| TASK GOAL |
In the entries below, find the line with "NEW HOPE, MN LOCATION" and the line with "The building of the NCCA, Moscow"; reproduce those two lines and all lines between them exactly, without pictures.

| ENTRIES SHOWN |
++++++++
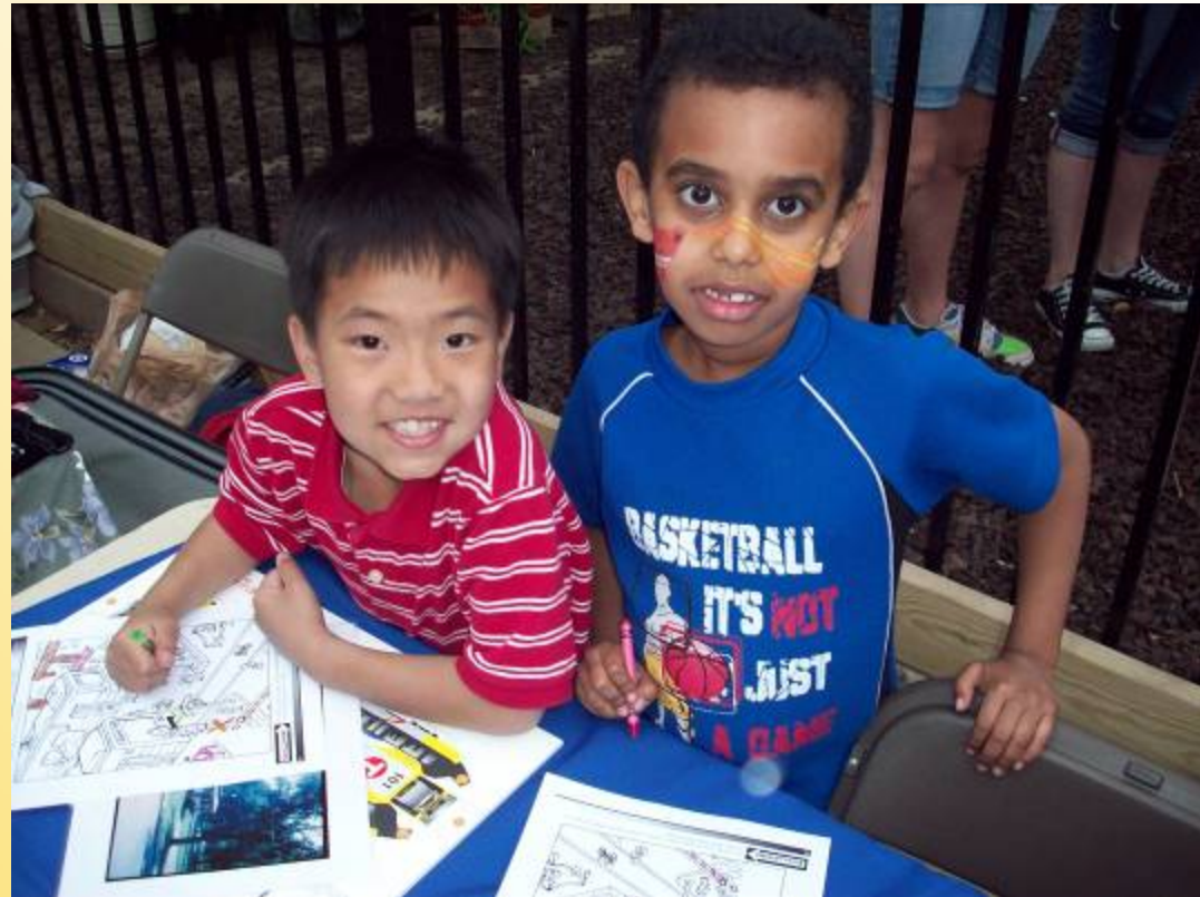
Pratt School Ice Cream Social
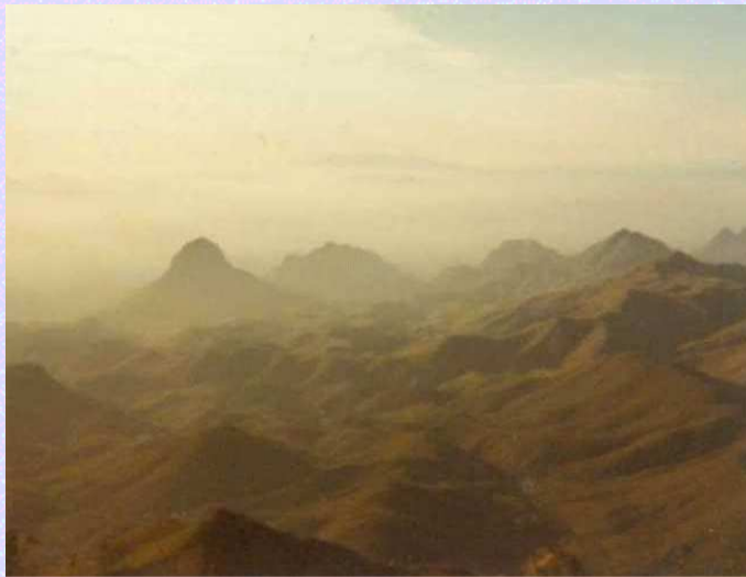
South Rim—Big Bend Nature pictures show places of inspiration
++++++++
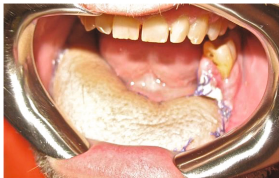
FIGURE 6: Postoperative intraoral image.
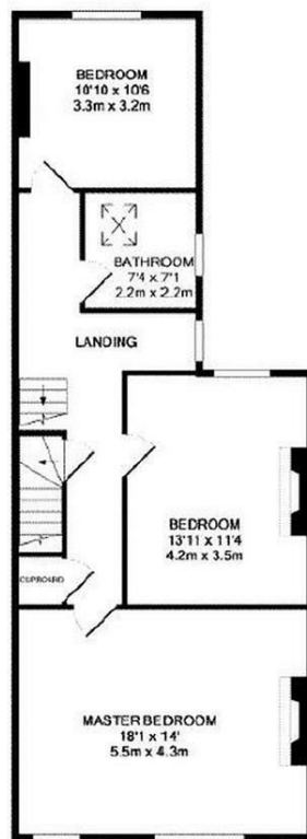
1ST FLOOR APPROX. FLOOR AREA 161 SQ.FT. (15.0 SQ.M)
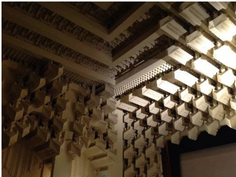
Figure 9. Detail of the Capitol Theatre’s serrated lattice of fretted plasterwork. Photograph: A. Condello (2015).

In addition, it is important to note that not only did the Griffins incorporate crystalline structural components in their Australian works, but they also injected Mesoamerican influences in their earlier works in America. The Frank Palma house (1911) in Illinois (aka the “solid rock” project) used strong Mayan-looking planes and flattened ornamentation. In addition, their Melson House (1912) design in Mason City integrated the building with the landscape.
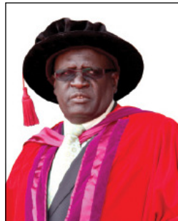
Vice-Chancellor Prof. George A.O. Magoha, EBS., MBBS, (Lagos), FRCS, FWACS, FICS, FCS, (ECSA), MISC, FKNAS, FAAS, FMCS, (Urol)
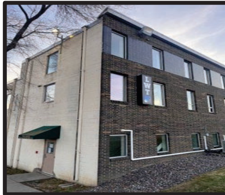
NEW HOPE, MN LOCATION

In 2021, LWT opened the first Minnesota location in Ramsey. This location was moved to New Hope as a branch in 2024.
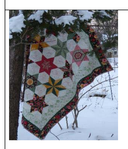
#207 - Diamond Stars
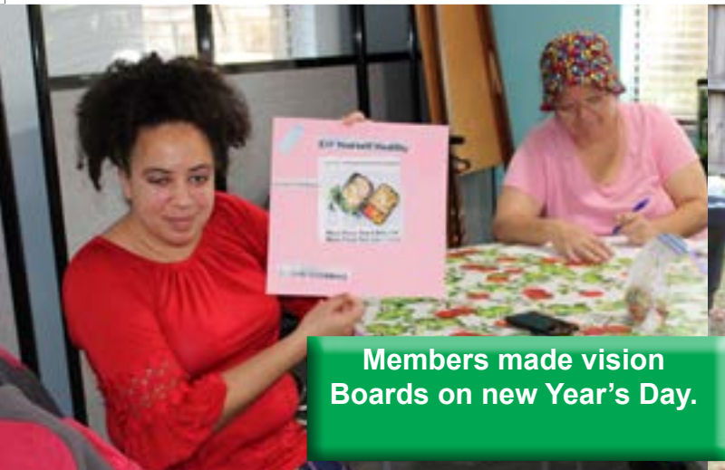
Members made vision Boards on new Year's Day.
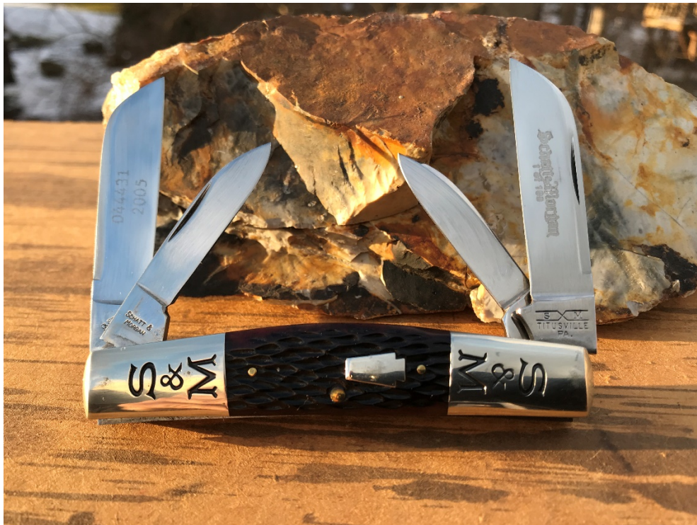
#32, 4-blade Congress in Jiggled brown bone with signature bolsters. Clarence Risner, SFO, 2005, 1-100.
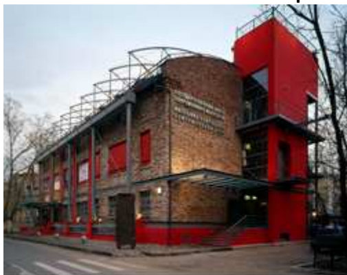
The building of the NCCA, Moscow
++++++++
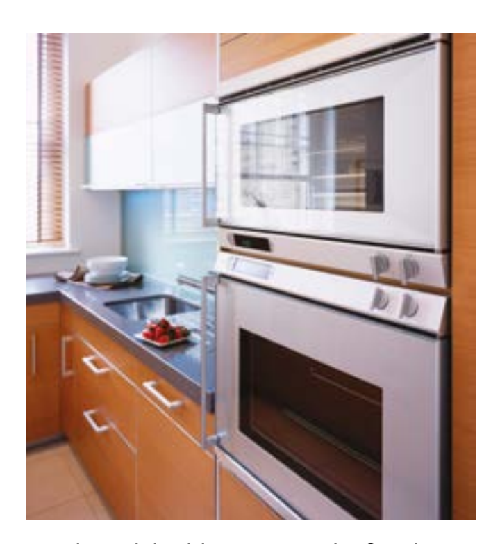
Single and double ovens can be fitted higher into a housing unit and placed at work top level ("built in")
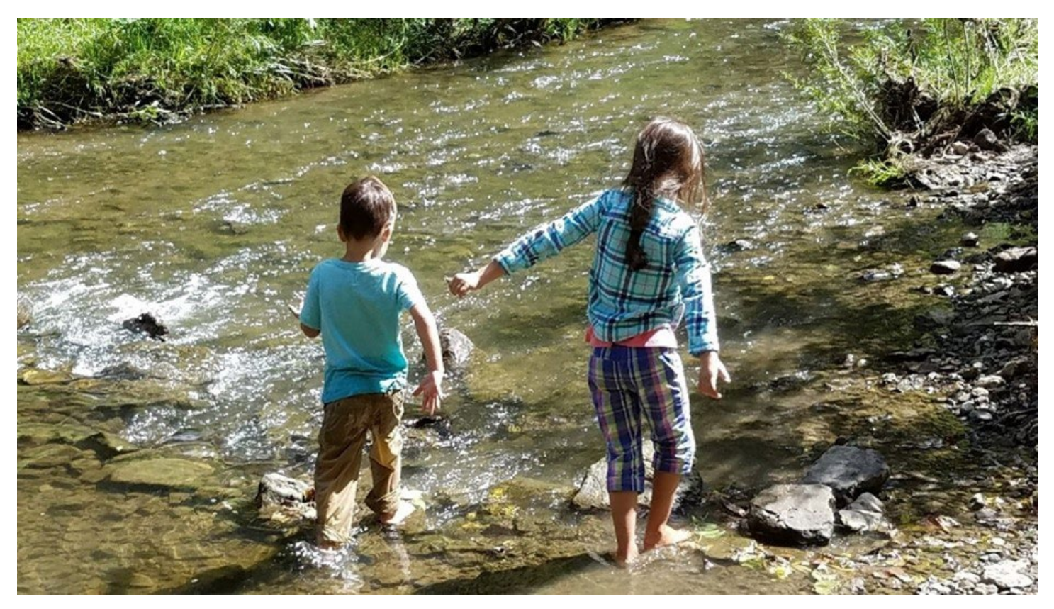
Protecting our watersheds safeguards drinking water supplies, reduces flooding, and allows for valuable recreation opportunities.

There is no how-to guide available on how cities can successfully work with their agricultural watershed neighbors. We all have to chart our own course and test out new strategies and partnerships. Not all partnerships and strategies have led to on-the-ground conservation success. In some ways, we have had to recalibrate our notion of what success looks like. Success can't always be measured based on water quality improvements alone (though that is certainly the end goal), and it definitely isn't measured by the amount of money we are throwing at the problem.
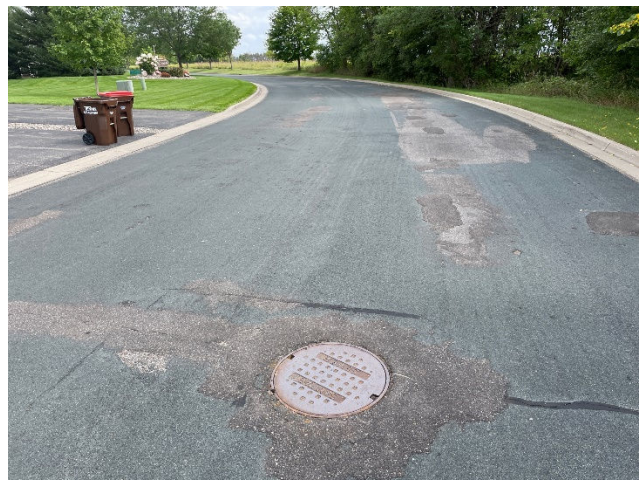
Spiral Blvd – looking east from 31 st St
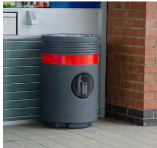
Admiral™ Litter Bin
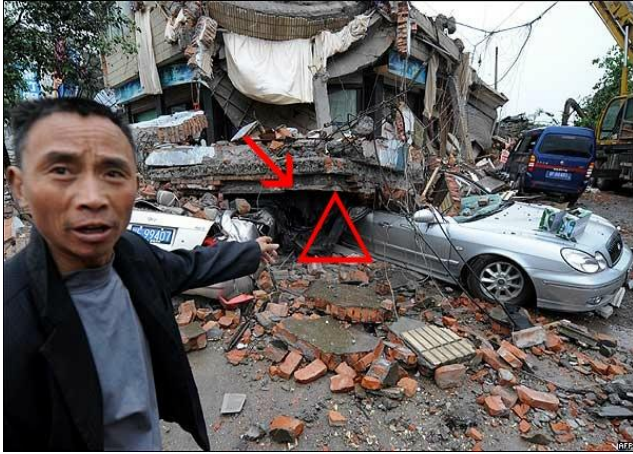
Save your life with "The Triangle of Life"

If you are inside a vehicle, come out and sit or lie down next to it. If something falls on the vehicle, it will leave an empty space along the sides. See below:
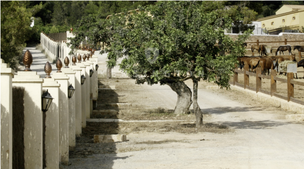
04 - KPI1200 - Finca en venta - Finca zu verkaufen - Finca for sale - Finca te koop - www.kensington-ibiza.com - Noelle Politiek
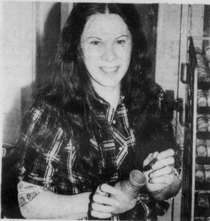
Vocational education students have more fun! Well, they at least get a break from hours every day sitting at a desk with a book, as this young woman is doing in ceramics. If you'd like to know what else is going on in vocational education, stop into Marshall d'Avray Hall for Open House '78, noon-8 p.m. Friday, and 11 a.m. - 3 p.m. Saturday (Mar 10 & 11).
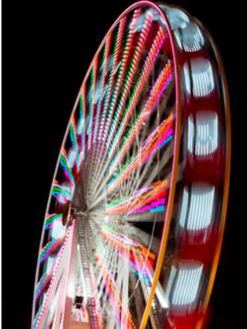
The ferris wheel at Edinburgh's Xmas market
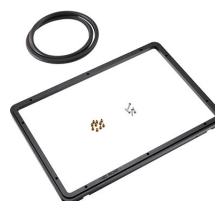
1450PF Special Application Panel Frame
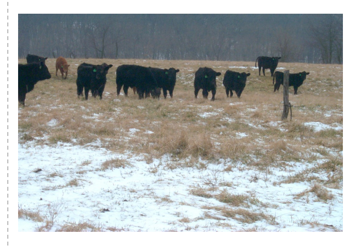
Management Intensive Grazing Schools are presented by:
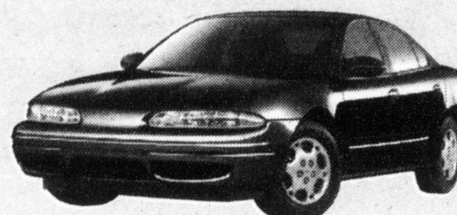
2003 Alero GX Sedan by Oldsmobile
++++++++
| OUTPUT FOR THIS TASK |
NEW HOPE, MN LOCATION

In 2021, LWT opened the first Minnesota location in Ramsey. This location was moved to New Hope as a branch in 2024.
#207 - Diamond Stars
Members made vision Boards on new Year's Day.
#32, 4-blade Congress in Jiggled brown bone with signature bolsters. Clarence Risner, SFO, 2005, 1-100.
The building of the NCCA, Moscow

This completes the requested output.